__WHAT YOU NEED TO DO__.
Pick out all lines of the entries that include the word "English" and copy them.

__THE RECORDS__.
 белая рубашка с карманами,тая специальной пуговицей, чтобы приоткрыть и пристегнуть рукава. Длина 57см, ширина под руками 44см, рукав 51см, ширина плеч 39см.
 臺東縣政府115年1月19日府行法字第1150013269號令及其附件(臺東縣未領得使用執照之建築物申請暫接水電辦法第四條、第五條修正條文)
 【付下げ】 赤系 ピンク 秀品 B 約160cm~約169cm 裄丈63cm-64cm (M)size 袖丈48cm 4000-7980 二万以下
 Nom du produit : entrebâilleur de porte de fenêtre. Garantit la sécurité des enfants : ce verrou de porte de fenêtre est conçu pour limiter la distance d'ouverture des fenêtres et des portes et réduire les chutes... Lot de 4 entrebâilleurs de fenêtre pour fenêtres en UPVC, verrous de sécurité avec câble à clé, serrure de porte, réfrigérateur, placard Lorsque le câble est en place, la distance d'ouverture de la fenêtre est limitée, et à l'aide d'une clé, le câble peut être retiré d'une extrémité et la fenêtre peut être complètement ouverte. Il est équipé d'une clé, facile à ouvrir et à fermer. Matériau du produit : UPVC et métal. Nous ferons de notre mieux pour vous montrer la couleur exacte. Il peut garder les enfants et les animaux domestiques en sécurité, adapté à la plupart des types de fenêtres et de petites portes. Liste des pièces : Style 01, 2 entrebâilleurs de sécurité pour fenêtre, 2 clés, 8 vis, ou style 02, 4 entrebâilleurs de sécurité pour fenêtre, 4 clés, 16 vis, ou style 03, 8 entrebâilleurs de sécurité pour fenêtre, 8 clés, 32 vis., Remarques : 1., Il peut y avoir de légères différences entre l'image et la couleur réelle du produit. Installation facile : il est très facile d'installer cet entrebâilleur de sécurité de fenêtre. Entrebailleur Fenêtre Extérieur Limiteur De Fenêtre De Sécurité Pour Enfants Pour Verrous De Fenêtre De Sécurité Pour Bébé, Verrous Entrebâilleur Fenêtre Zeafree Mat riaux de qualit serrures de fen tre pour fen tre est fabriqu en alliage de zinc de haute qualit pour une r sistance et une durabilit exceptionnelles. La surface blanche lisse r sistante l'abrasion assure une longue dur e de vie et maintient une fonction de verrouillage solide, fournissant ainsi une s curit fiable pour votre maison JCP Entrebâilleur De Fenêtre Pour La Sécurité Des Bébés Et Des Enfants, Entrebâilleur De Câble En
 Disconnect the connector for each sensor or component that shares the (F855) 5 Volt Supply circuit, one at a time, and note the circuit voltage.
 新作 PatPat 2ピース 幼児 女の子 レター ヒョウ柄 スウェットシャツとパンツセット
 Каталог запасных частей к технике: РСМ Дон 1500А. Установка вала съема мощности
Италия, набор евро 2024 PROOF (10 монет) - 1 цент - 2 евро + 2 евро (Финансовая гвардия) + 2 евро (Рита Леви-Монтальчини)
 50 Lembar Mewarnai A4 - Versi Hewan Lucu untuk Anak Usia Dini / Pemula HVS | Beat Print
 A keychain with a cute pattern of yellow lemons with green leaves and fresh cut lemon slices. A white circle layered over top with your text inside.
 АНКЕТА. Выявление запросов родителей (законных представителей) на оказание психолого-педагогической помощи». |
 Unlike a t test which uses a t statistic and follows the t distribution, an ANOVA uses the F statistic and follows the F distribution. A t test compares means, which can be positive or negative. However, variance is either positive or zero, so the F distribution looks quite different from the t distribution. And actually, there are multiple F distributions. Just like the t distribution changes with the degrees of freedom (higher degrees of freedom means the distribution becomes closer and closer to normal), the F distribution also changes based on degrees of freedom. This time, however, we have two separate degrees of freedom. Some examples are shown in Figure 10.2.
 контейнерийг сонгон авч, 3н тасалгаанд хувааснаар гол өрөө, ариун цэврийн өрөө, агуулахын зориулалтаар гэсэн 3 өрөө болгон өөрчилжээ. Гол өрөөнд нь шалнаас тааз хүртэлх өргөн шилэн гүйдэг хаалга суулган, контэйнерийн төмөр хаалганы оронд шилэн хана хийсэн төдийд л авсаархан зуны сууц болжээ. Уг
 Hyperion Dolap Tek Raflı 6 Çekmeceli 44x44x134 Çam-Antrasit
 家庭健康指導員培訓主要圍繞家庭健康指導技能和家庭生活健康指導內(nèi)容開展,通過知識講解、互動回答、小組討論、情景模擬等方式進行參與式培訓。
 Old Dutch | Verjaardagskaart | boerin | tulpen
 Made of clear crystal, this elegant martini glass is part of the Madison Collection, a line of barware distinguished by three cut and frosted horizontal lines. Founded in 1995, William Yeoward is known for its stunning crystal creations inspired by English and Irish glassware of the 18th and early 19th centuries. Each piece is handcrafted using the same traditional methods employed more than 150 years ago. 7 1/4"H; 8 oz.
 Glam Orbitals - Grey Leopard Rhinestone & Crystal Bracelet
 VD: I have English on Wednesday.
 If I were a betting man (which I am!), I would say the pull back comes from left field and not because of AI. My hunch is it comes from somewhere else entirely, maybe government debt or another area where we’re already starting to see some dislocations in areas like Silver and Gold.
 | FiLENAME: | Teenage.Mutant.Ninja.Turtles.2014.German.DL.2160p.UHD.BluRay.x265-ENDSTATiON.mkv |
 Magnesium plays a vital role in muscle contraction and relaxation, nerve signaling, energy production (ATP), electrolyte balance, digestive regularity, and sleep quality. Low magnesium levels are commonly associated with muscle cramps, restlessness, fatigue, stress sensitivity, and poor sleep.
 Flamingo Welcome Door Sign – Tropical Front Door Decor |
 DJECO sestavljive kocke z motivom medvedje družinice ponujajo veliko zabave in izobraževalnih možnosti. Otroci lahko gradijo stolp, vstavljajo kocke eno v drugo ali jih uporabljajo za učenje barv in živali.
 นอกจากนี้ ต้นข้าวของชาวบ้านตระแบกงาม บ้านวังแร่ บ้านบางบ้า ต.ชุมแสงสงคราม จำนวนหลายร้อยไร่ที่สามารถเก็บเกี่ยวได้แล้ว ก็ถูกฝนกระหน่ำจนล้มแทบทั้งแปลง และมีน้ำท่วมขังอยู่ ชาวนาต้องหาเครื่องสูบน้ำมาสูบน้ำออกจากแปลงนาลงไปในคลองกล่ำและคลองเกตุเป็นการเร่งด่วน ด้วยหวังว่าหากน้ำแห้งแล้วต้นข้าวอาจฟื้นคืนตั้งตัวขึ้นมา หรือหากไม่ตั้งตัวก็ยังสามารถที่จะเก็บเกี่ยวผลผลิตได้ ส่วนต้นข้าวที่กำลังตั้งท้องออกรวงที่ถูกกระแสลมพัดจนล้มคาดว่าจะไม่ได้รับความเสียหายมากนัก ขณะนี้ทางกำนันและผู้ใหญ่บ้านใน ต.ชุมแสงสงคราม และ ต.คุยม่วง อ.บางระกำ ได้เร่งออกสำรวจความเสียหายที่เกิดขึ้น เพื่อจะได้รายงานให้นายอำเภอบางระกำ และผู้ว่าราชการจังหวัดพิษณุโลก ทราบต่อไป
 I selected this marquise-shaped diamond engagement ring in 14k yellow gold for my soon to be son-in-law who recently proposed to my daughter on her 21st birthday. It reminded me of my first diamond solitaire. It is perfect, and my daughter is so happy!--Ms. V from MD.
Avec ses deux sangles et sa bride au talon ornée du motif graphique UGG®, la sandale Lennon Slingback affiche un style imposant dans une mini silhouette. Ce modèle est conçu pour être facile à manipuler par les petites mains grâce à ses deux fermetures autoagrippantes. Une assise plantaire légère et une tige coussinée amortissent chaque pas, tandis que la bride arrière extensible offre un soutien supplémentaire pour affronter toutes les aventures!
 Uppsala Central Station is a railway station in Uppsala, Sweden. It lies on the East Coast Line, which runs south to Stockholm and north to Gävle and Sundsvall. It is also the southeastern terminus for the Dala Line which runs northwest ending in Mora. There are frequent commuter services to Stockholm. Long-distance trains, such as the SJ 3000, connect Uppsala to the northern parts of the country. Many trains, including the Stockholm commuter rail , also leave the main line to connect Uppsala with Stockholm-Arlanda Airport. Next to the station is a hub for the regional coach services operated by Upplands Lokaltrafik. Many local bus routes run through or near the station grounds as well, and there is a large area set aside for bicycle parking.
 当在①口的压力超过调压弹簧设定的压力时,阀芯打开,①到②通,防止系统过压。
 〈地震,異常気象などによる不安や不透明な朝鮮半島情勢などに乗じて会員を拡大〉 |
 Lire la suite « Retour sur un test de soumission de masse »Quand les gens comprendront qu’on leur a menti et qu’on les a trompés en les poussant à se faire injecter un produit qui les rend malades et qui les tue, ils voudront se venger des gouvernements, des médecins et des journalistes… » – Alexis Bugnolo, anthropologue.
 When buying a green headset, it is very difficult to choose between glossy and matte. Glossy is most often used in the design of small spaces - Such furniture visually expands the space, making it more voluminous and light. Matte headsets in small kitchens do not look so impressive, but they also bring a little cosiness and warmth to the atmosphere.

__OUTPUT BELOW__.
 Made of clear crystal, this elegant martini glass is part of the Madison Collection, a line of barware distinguished by three cut and frosted horizontal lines. Founded in 1995, William Yeoward is known for its stunning crystal creations inspired by English and Irish glassware of the 18th and early 19th centuries. Each piece is handcrafted using the same traditional methods employed more than 150 years ago. 7 1/4"H; 8 oz.
 VD: I have English on Wednesday.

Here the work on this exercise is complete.